Experiments with Fat Kids

grade on curveI took part in a panel about childhood obesity tonight.  It went well and I’ll do a full write-up later, but in the meantime I wanted to re-post this just in case anyone from the event is looking at the blog for follow up.

The first thing to know is that all of the interventions being used for “childhood obesity” are experimental.  There is no long term data showing that these interventions lead to more thinner kids, or healthier kids (remember that those are two different things.) The research simply doesn’t exist.

There is definitely evidence that trying to get children to be as weight-obsessed and to see fat bodies as a negative thing is problematic:

Research from the University of Minnesota found that: None of the behaviors being used by adolescents for weight-control purposes predicted weight loss…Of greater concern were the negative outcomes associated with dieting and the use of unhealthful weight-control behaviors, including significant weight gain.

A Canadian study found that eating disorders were more prevalent than type 2 diabetes in kids.

The American Academy of Pediatrics reported that hospitalizations of children younger than 12 years for eating disorders rose by 119% from 1999 to 2006. (Children UNDER 12) There was a 15% increase in hospitalizations for eating disorders in all ages across the same time period.

A new study is looking at the effects of “school based healthy-living programs.”  Turns out that these programs are being instituted in lots of schools, despite the fact that, per the researchers,  there is little research on the effectiveness of these programs or any inadvertent harmful effects on children’s mental health.

This study found that these programs are actually triggering eating disorders in kids.  Dr.

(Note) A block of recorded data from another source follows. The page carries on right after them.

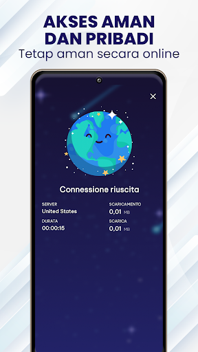Dengan ponsel Android Anda, pengguna dapat terhubung ke server VPN gratis dan unlimited tanpa biaya apapun serta menikmati koneksi yang stabil dan cepat tanpa batasan waktu atau kecepatan.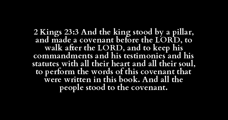 2 Kings 23:3 And the king stood by a pillar, and made a covenant before the LORD, to walk after the LORD, and to keep his commandments and his testimonies and his statutes with all their heart and all their soul, to perform the words of this covenant that were written in this book. And all the people stood to the covenant.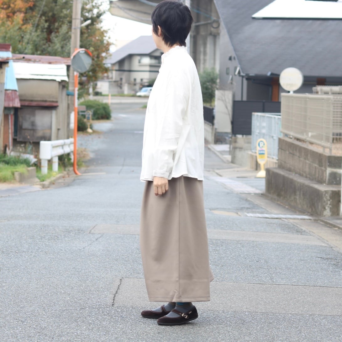 ポンチ生地はテロンとしたとろみのある生地です。落ち感があるため着痩せ効果や、やわらかな印象を与えます。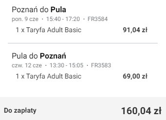 Poznań (POZ) – Pula (PUY) od ~138 PLN w dwie strony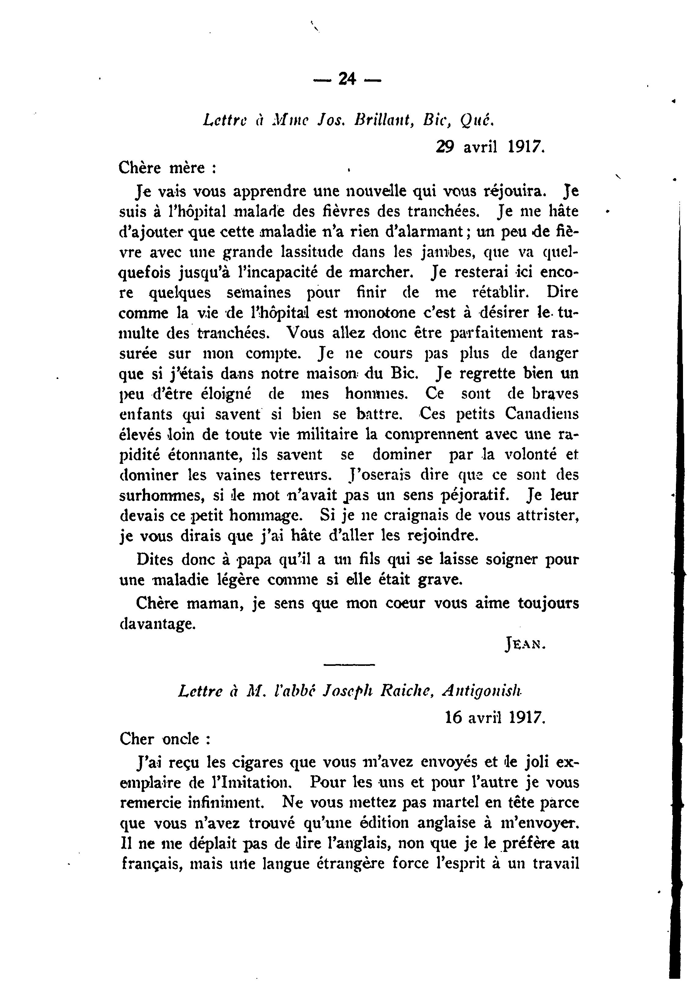 - Le Capitaine Jean Brillant, C.V., C.M.

Leora Pinhas said “The programs present this idea that weight loss is good, that only thin is healthy…We live in a culture that stigmatizes fat people, and we’ve turned it into this kind of moralistic health thing.”

Well said Dr. Pinhas, well said.  But I would say that it goes beyond that.  Fat people have been the unwilling, un-consenting victims of experimental medicine for years.  Now we are moving the experiment to kids.

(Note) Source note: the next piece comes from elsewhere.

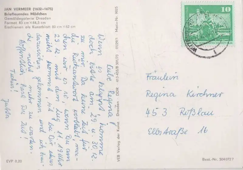 Vermeer Brieflesendes Mädchen

Though she has since thankfully backed way off her obesity rhetoric, with her assertion that she was going to eradicate all the fat kids in a generation, despite having not a single intervention shown to lead to long-term weight loss in kids (or adults), Michelle Obama helped to usher in an era wherein anyone who says that they have an idea for eradicating fat kids is taken as seriously as if they had actual research backing their idea.

Kids are being subjected to interventions that were created by rectal pull, no evidence necessary. So when someone said”It makes sense to me that if we have kids starting in elementary school focus on their weight, count calories, and think of exercise as punishment for being fat, then they’ll all be thin” authorities, including health professionals, just went ahead and implemented that intervention in schools across the country.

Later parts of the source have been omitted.